Your task is to repeat all of the data exactly while excluding the pictures.

━━━━━━━━

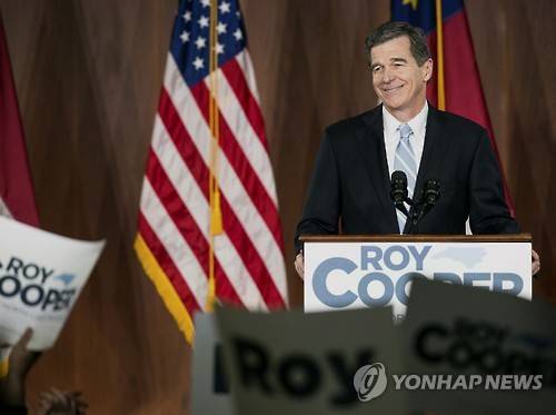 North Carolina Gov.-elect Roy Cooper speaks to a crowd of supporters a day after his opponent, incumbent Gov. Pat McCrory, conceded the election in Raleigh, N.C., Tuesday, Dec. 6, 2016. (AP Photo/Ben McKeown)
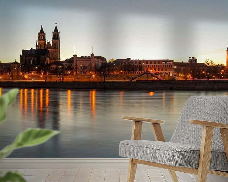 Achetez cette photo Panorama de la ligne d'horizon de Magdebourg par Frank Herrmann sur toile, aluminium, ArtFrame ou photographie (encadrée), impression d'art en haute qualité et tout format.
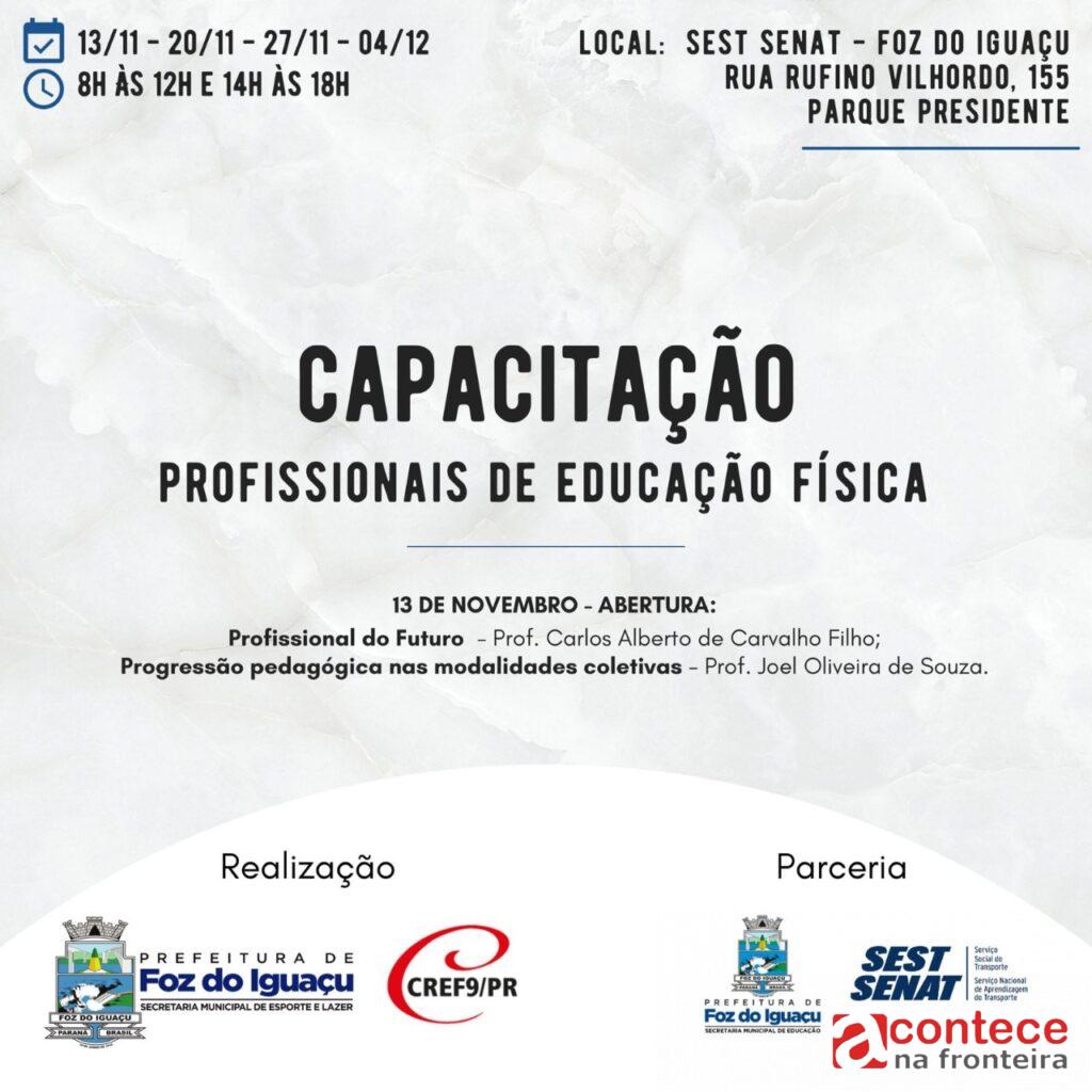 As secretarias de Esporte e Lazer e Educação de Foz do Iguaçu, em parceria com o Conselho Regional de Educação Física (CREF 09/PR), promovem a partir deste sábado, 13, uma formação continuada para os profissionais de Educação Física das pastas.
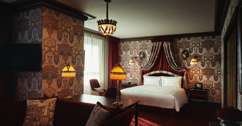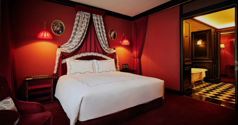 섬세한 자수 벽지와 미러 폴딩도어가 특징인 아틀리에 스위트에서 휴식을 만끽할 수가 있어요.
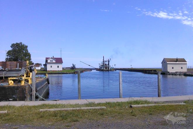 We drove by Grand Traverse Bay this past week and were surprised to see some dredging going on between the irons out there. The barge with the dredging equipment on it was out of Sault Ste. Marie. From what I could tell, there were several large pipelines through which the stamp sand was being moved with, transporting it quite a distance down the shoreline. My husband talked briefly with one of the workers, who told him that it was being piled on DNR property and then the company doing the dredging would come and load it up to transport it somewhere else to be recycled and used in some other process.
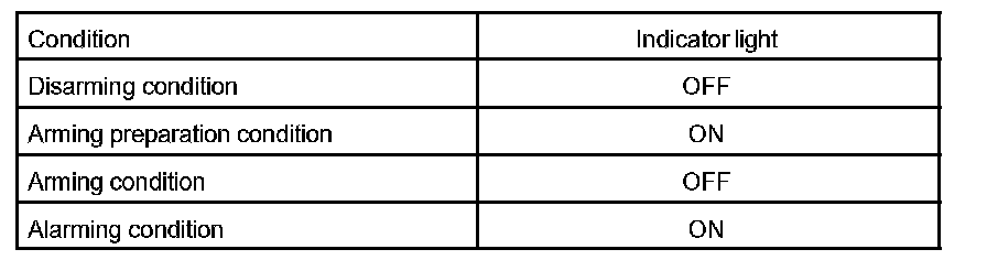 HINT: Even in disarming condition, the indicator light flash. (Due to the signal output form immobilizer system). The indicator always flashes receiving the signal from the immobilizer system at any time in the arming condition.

━━━━━━━━

## OUTPUT FOR THIS EXERCISE:
 North Carolina Gov.-elect Roy Cooper speaks to a crowd of supporters a day after his opponent, incumbent Gov. Pat McCrory, conceded the election in Raleigh, N.C., Tuesday, Dec. 6, 2016. (AP Photo/Ben McKeown)
 Achetez cette photo Panorama de la ligne d'horizon de Magdebourg par Frank Herrmann sur toile, aluminium, ArtFrame ou photographie (encadrée), impression d'art en haute qualité et tout format.
 As secretarias de Esporte e Lazer e Educação de Foz do Iguaçu, em parceria com o Conselho Regional de Educação Física (CREF 09/PR), promovem a partir deste sábado, 13, uma formação continuada para os profissionais de Educação Física das pastas.
 섬세한 자수 벽지와 미러 폴딩도어가 특징인 아틀리에 스위트에서 휴식을 만끽할 수가 있어요.
 We drove by Grand Traverse Bay this past week and were surprised to see some dredging going on between the irons out there. The barge with the dredging equipment on it was out of Sault Ste. Marie. From what I could tell, there were several large pipelines through which the stamp sand was being moved with, transporting it quite a distance down the shoreline. My husband talked briefly with one of the workers, who told him that it was being piled on DNR property and then the company doing the dredging would come and load it up to transport it somewhere else to be recycled and used in some other process.
 HINT: Even in disarming condition, the indicator light flash. (Due to the signal output form immobilizer system). The indicator always flashes receiving the signal from the immobilizer system at any time in the arming condition.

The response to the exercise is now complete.